─── SUPPLIED INFORMATION

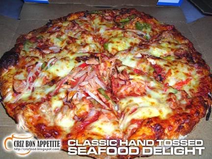 The Hand Tossed pizza crust is thinner than the Handmade Pan but thicker than the Crunchy Thin. It is a fun pizza and Ive always wondered what it would be like to try to replicate it. In terms of flavor Dominos is fine.
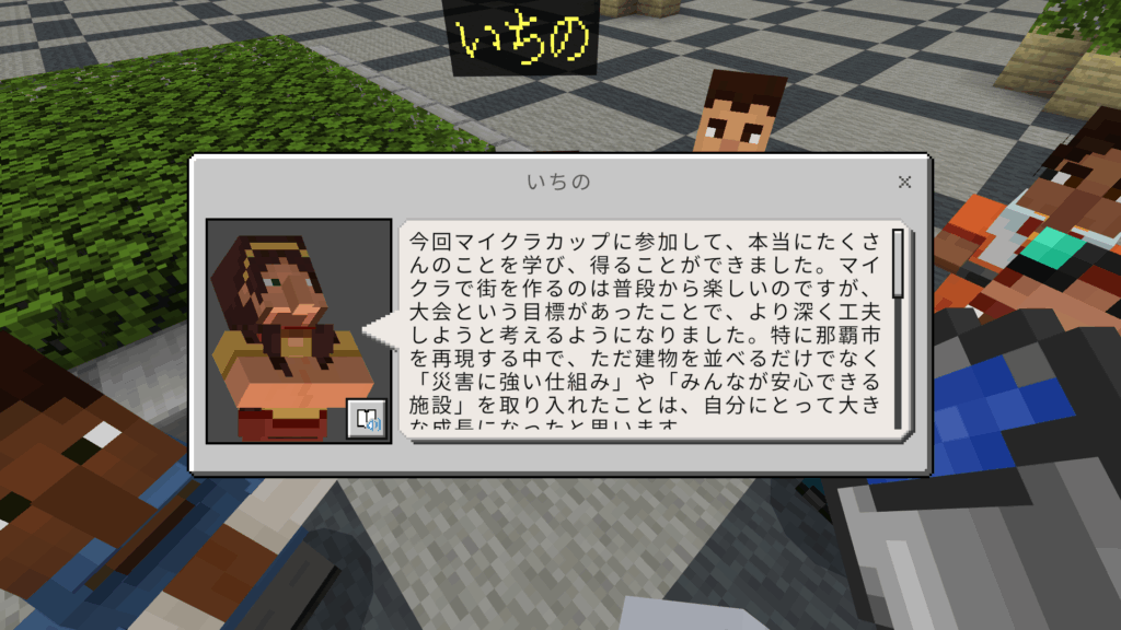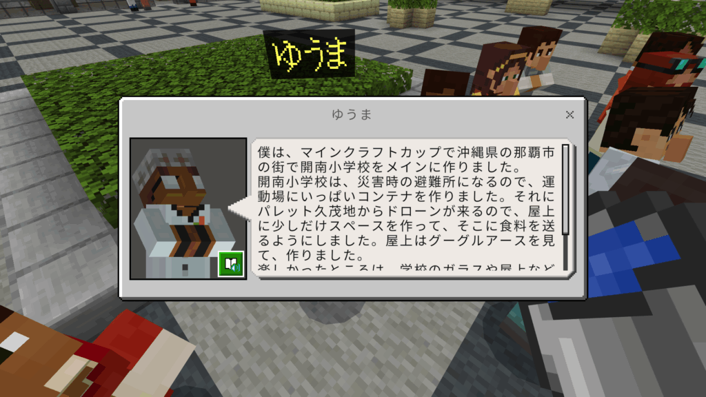 今回のマインクラフトカップで提出したワールドの中にはマイクラカップに参加した子供たちの感想が入っています。
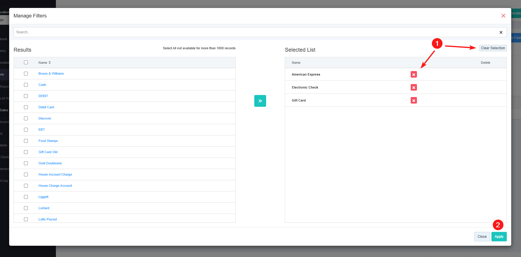 - 1: Clear Selection: Click the "Clear Selection" button to remove the whole selection. To remove any record from the list, click the Remove (x) icon.
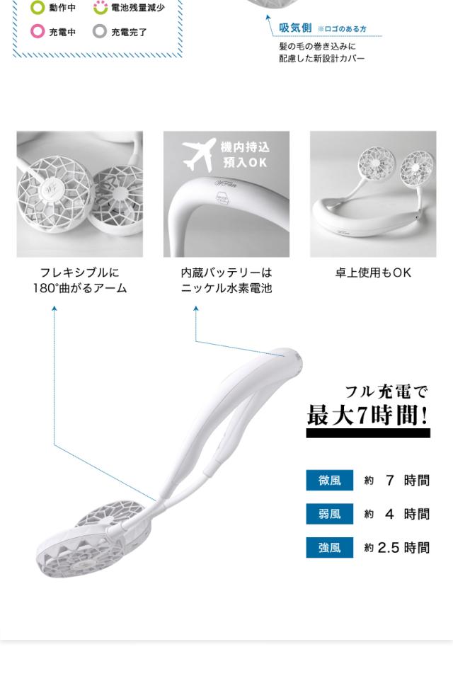 | 連続使用時間 | 強風:約2.5時間、弱風:約4時間、微風:約7時間 |
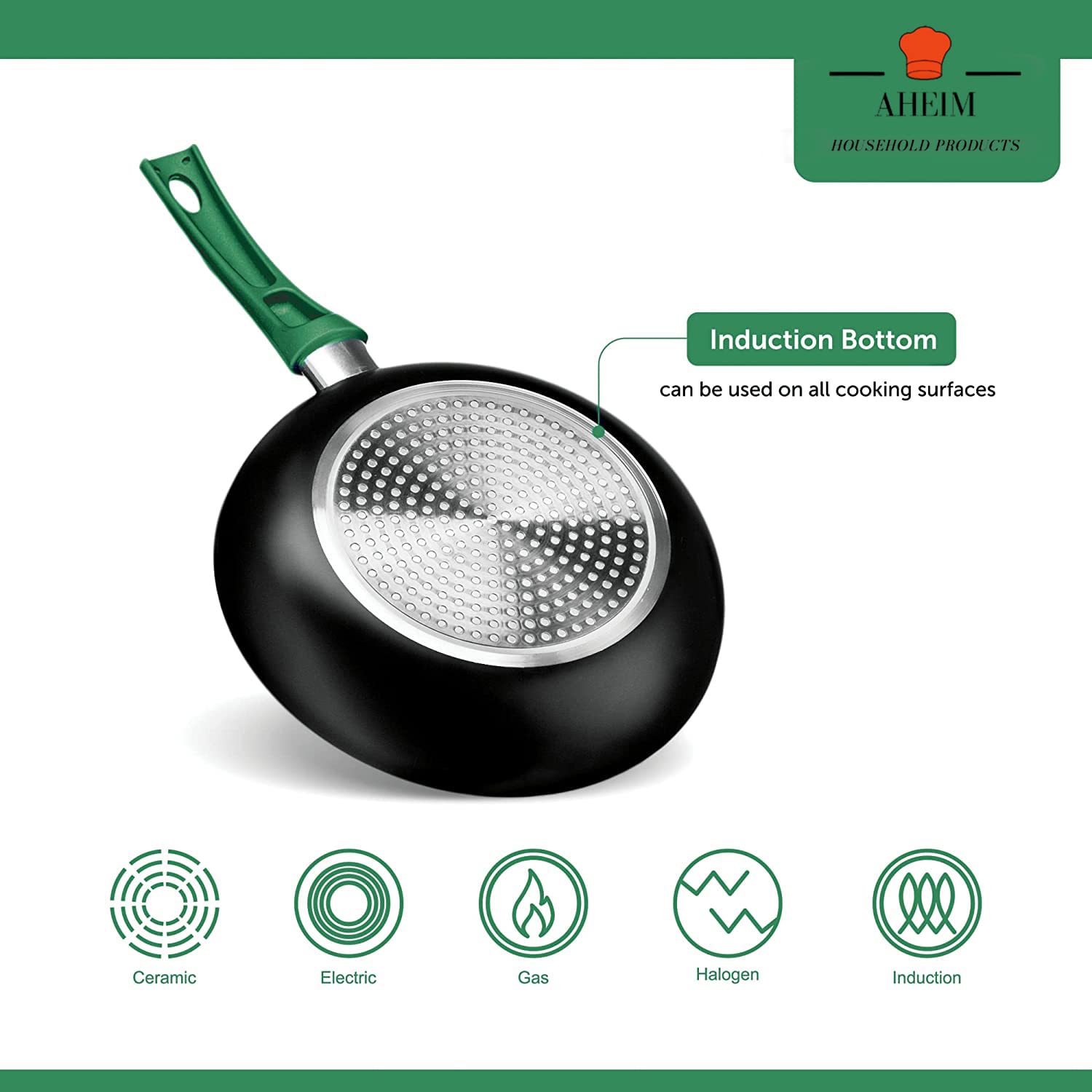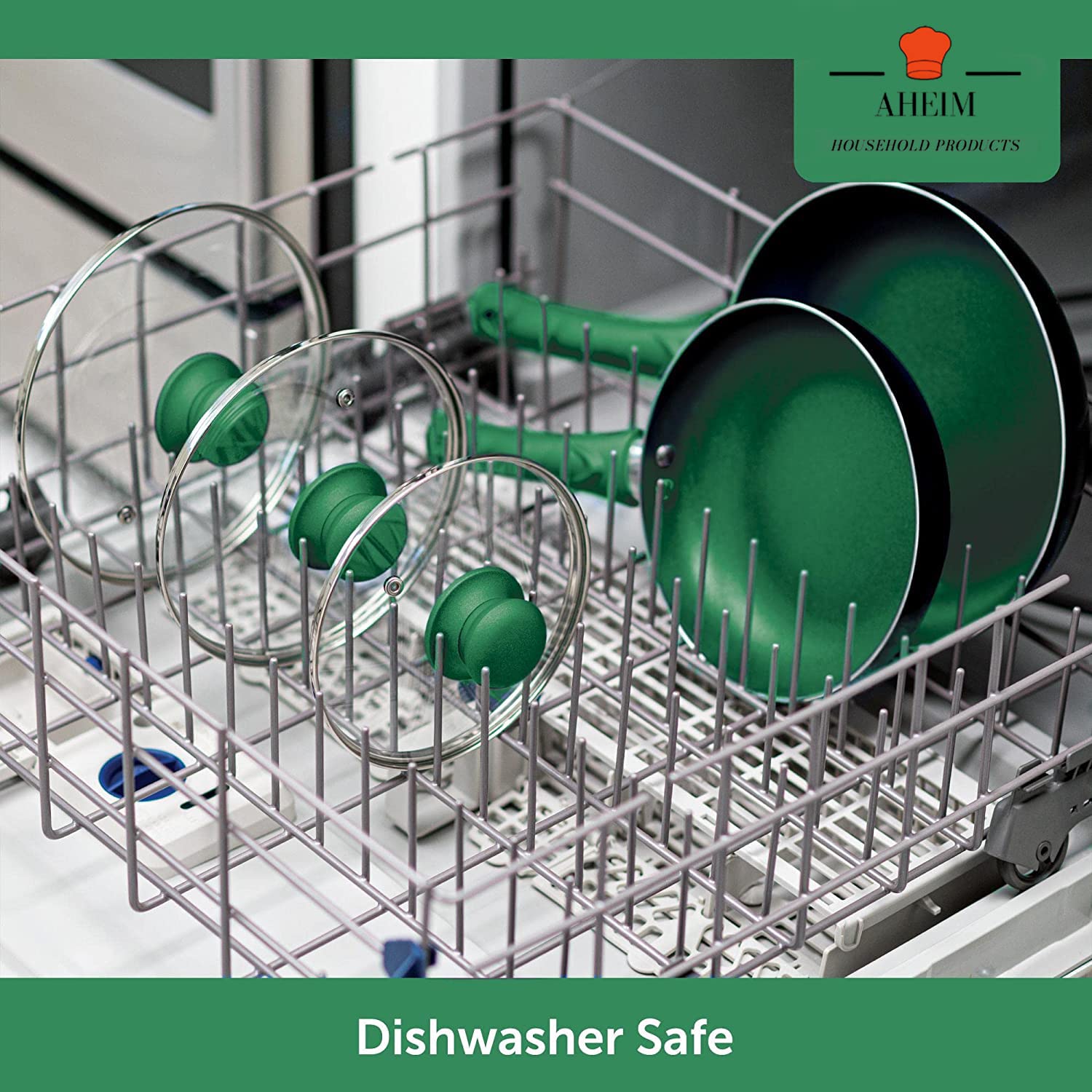 AHEIM Pots and Pans Set, Aluminum Nonstick Cookware Set, Fry Pans, Casserole with Lid, Sauce Pan, and Utensils, 11 Piece Cooking Set (Green)

──────

### TASK STATEMENT
Give again, unchanged, only the lines from the line containing "今回のマインクラフトカップで" to the last line of the records above. Pictures do not belong in the copy.

### SOLUTION BELOW
 今回のマインクラフトカップで提出したワールドの中にはマイクラカップに参加した子供たちの感想が入っています。
 - 1: Clear Selection: Click the "Clear Selection" button to remove the whole selection. To remove any record from the list, click the Remove (x) icon.
 | 連続使用時間 | 強風:約2.5時間、弱風:約4時間、微風:約7時間 |
 AHEIM Pots and Pans Set, Aluminum Nonstick Cookware Set, Fry Pans, Casserole with Lid, Sauce Pan, and Utensils, 11 Piece Cooking Set (Green)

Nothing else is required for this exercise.